Joshua Robert "Josh" Macdonald (born 25 January 1996) is an  Australian professional footballer, who plays for Wollongong Wolves in the National Premier Leagues NSW. 

Born in Wollongong, Macdonald played youth football with Sydney FC youth and Nottingham Forest before making his senior debut for Western Sydney Wanderers. He returned to Wollongong to play for Wollongong Wolves in 2016. Macdonald signed with Central Coast Mariners in 2018.

Macdonald has represented Australia at youth level, for both the under-17 and under-20 sides, including at the 2012 AFC U-16 Championship

Playing career

Club
In February 2013, Macdonald had a trial with Nottingham Forest.

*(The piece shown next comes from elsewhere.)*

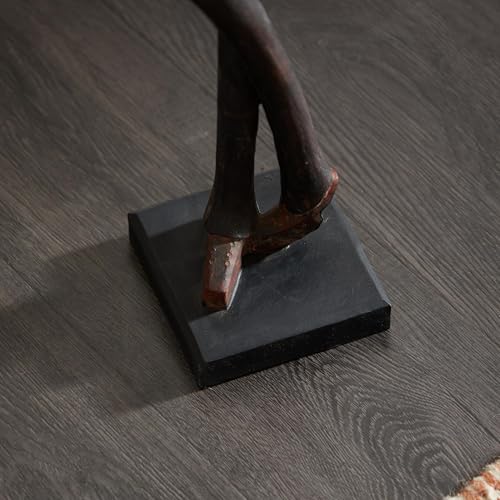 Bring abstract art to life with this 4-piece set of tall jazz musicians figurines. These long-legged floor decor statues depict four men playing a horn, an accordion, a saxophone, and a guitar. Each stone figurine stands on a rectangular base and is wearing a hat, shirt, tie, suspenders, and brown shoes with alternating gold, brown, red, and black colors. Greet guests on your entryway or living room with these polystone figurines. This set of accent decor makes a great gift for musicians and music lovers, mardi gras decorations, or finishing touch in your entryway or living room. Designed with black rubber stoppers at the base that prevent scratching furniture and table tops, as well as sliding around. Wipe clean with a dry cloth. Suitable for indoor use only. Set of 4 large jazz band floor statues. Eclectic design. This item comes shipped in one carton.

He signed for the club's development side in September 2014. He played a brief stint for Albion Park White Eagles in the Illawarra Premier League in preparation for the move to England. He left Nottingham at the end of the 2014–15 Professional U21 Development League.

Following his release from Forest, Macdonald had a chance meeting with ex-Western Sydney Wanderers football operations manager Matt Phelan, eventually resulting in Macdonald trialling with the Wanderers. On 10 August 2016, Macdonald signed a youth contract to play for the Wanderers National Youth League team. The next day, Macdonald made his professional senior debut for Western Sydney in the 2015 FFA Cup against Brisbane Roar, including winning a penalty in a 1–0 win.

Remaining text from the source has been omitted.